An organized list of ADL's resources

LA Commons Feb 2019

by Karen Mack

                                                                                                   
 

Artist Spotlight

 
                               
 Keviette Minor  
Keviette Minor is a Black creative based in Los Angeles who is originally from Santa Rosa, California. She is currently a sophomore majoring in Design at USC. Keviette is a self-described introvert that has been drawing since she was 2 years old. From childhood into young adulthood, she has used art as her voice. Her work centers around telling the stories of her life, her experience as a Black woman in America, and any issues she has deemed significant that have impacted her directly or indirectly. Black people are at the forefront of Keviette's composition, as representation is extremely important to her.

How would describe your art and what themes do you explore in your work? 
I would describe my work as portraiture and experience documentation because I have always been into storytelling. Also, I'm always talking about high school because I feel like that is where I grew the most as an artist. I was really struggling to try to find what my style was. Whenever someone would look at my work they would be able to see the style, but I personally wouldn't. During that time I was still trying to think about which way I wanted to go with my art.

 I was a freshman in high school when I joined the Black Student Union. Up until that point I had been in predominantly white schools. In elementary school, there weren't that many Black students. In middle school, I was one of five in the whole school. So I wanted to get involved in my community. When I initially got to high school there was not a Black Student Union. There was a junior college that was right next door and the Black Student Union from the college came over to our high school and helped us start one.  

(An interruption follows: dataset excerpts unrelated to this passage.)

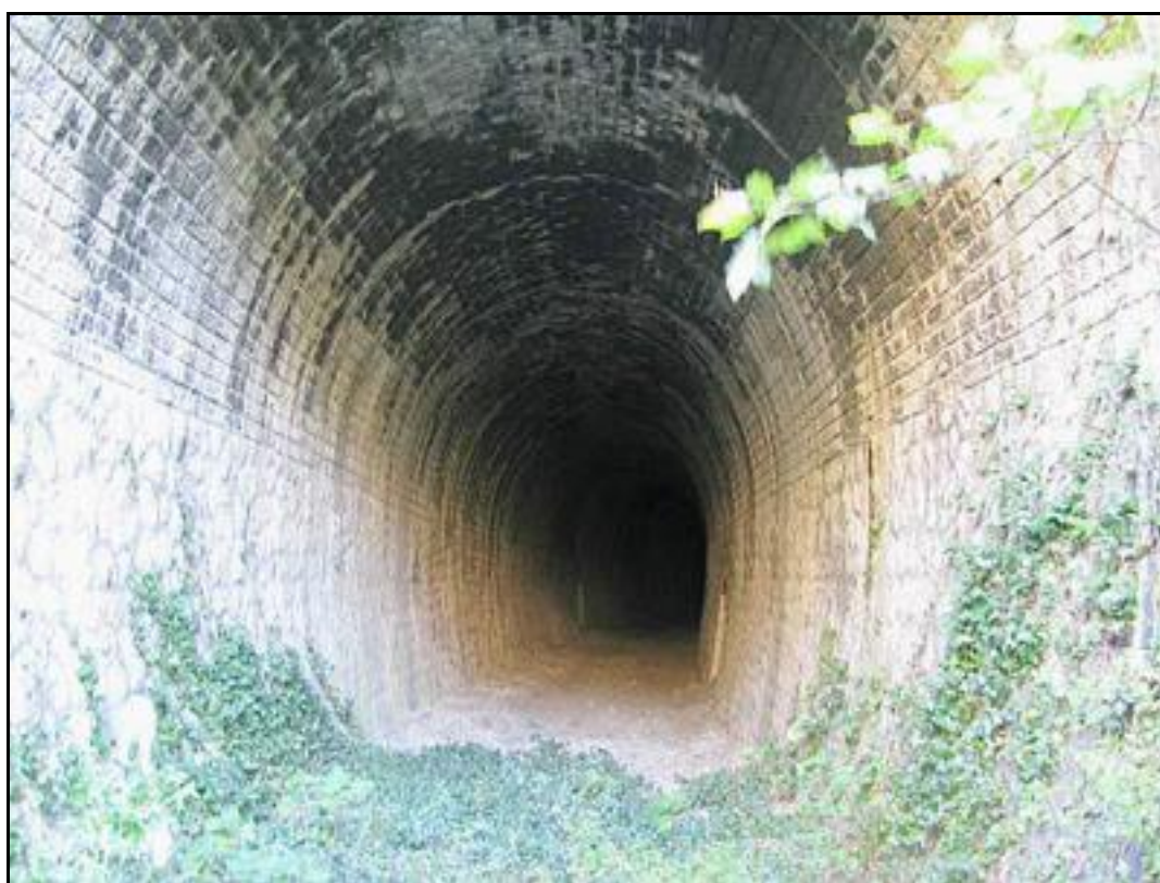
La belle galerie du tunnel

Si cette fiche comporte des erreurs ou des oublis, merci de nous le signaler.
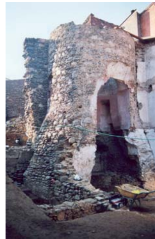
Evolució de les obres
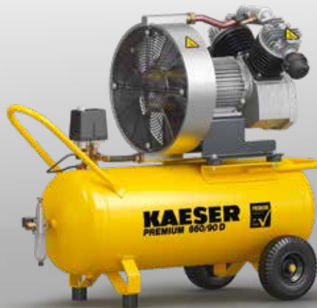
Abb.: PREMIUM 660/90 D
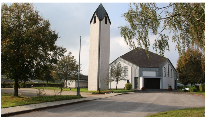
Johannes Nepomuk Kirche
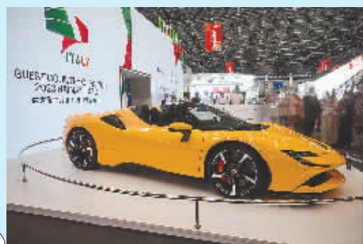
在消博会上拍摄的来自意大利的跑车。
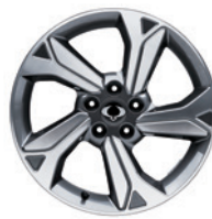
18인치 다이아몬드 커팅 휠
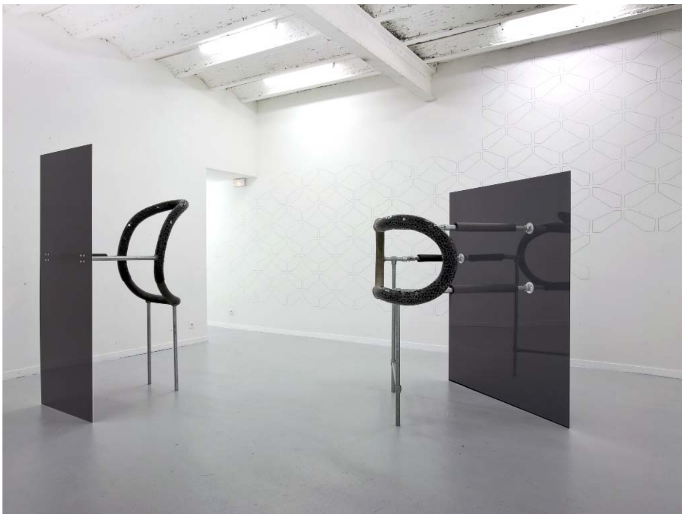
Installation view
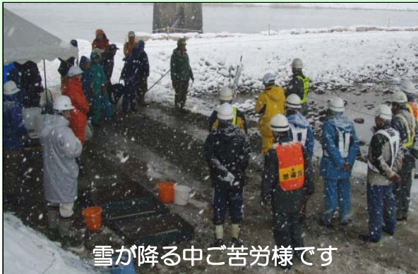
雪が降る中ご苦労様です

12月15日(火)に、鶴岡市東岩本地内の東橋下流で、魚の引っ越し作業が行われました。赤川自然再生事業の一環として、東岩本床止の魚道の一部を切り下げ、幅を10m拡幅し魚が遡上しやすくする工事を施工するために仮締め切りをしました。その中に取り残された魚を安全な場所に移動させるために、地元住民の方、赤川漁業協同組合、赤川鮭漁業生産組合の方々から協力していただきました。サケ、ヤマメ、カジカ等7種類、約50匹の魚を捕獲し上下流部に放流しました。雪が降り寒い中での作業でしたが、皆さんのおかげで魚達は広い川へ戻れてうれしそうでした。大変ご苦労様でした。
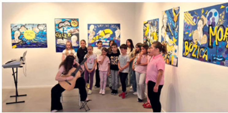
Otvorenje izložbe radova učenika OŠ Vladimira Nazora pod nazivom "Nazor i Crikvenica – desetljeće zajedništva"
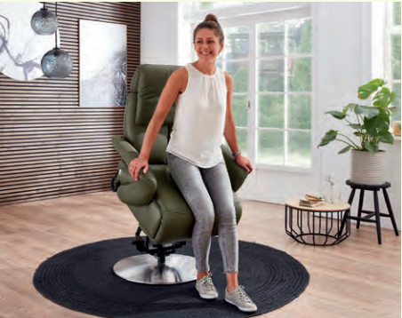
Aufstehhilfe motorisch, max. Belastung 160 kg opt.
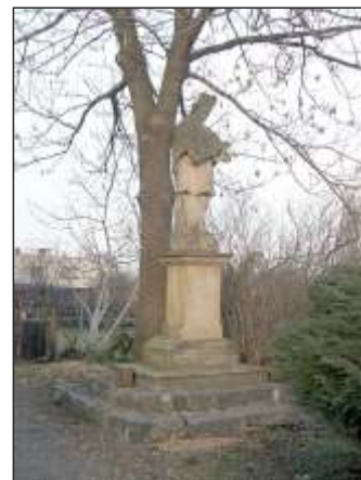
Socha sv. Floriána z r. 1708 u křižovatky ve Vražném (3)
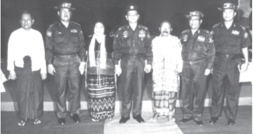
နိုင်ငံတော်အေးချမ်းသာယာရေးနှင့် ဖွံ့ဖြိုးရေးကောင်စီ အတွင်းရေးမှူး(၁) ဒုတိယဗိုလ်ချုပ်ကြီးသိန်းစိန် ကရင်ပြည်နယ် ဘားအံမြို့နယ် ဘုရားကုန်းကျေးရွာ ဘုရားကုန်းဒေသ ငြိမ်းချမ်းရေးအဖွဲ့အစည်းအောင် ဖခင်အောင်ဆန်းနှင့် အဖွဲ့ဝင်များအား တွေ့ဆုံပွဲအပြီးတွင် အဖွဲ့အစည်းအောင် ဖခင်အောင်ဆန်း မိသားစုနှင့် အမှတ်တရဓာတ်ပုံရိုက်ကြသည်။
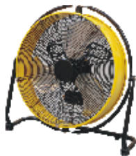
DF 20 P
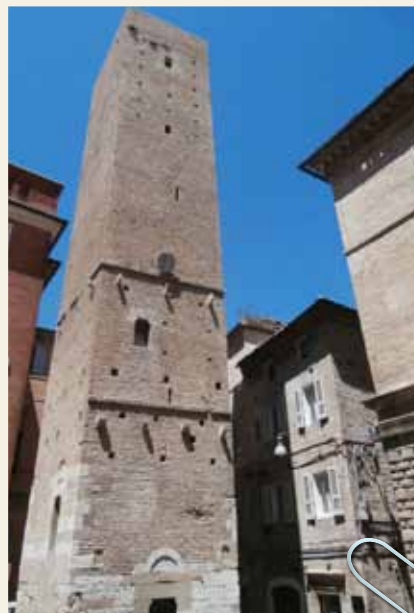
FERMO TORRE MATTEUCCI
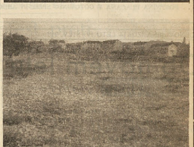
Ta prostor so kupili kriški ljubitelji ljudskega športa zato, da bodo na njem zgradili športno igrišče. Nične, razen njih, nima pravice do njega. Na njem si bodo uredili igrišče, klub oviram, ki jim jih delajo vojaške okupacijske in občinske oblasti.
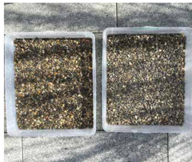
Hydrophobierter Splitt (rechte Seite)
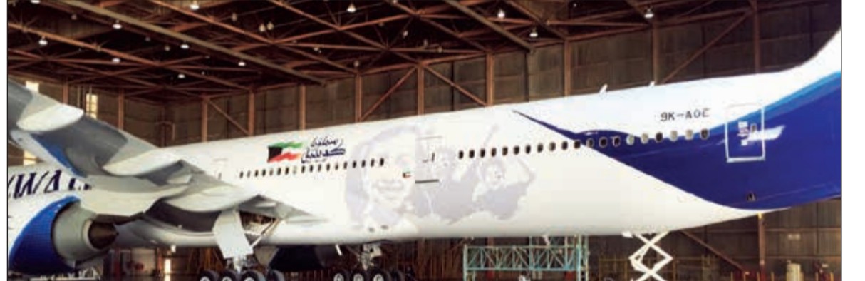
«كاظمة» بجلتها الجديدة

شبكة وجهاتها المنتشرة حول العالم من خلال اللغة البصرية الجمالية والوطنية التي تكتسي بها طائرة الكويتية. جدير بالذكر أن التصميمات الوطنية والاحتفالية التي تكسو جسم الطائرة الجديدة «كاظمة»، هي ضمن مجموعة من الحملات والفعاليات تنظمها الخطوط الجوية الكويتية بمناسبة الاحتفالات الوطنية خلال شهر فبراير، حيث أطلقت الكويتية عملاً إعلانياً يعكس الفخر والاعتزاز بالكويت من خلال منجزات أبناء الوطن في شتى المجالات تحت شعار «سماؤنا كويتية»، ليعبر عن الروح الوطنية المسؤولة والقدرات الإبداعية للشباب الكويتي كل في مجال عطائه.
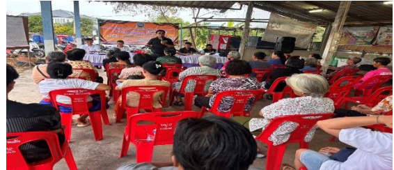
หมู่ที่ ๑๓ บ้านต้นแห่น ตำบลคูบัว อำเภอเมืองราชบุรี จังหวัดราชบุรี วันอังคารที่ ๑๒ พฤษภาคม ๒๕๖๙ ณ ศาลาอเนกประสงค์หมู่บ้าน หมู่ที่ ๑๓

Being a part of Black Student Union, I started paying more attention to the news and that's when police brutality was really coming to the forefront. We would have discussions about how it has always been happening and the only difference was the cameras. It made me very passionate about educating people through my artwork. I did a lot of pieces informed by social justice, the need for social justice. I focused my work on the experiences of different Black people. Senior year my AP Studio Art concentration was the Black Experience.  

 
What artists have influenced you?
In my sophomore year of high school, I was introduced to Kara Walker, Kehinde Wiley, and Kerry James Marshall. Kara Walker was the first artist I was introduced to and she had the greatest influence on my work because I started using silhouettes too. My introduction to these artists was important. At that time anime was very popular with everyone around me. But, for me, the anime thing wasn't working and I wasn't clicking with it. My classmates were really obsessed with it, I just never got to that point and I needed to find something else. Kara Walker was that something else. She is also a Black female artist, so that representation really helped me find which direction I wanted to go in with my work. 

What mediums are you looking forward to playing with?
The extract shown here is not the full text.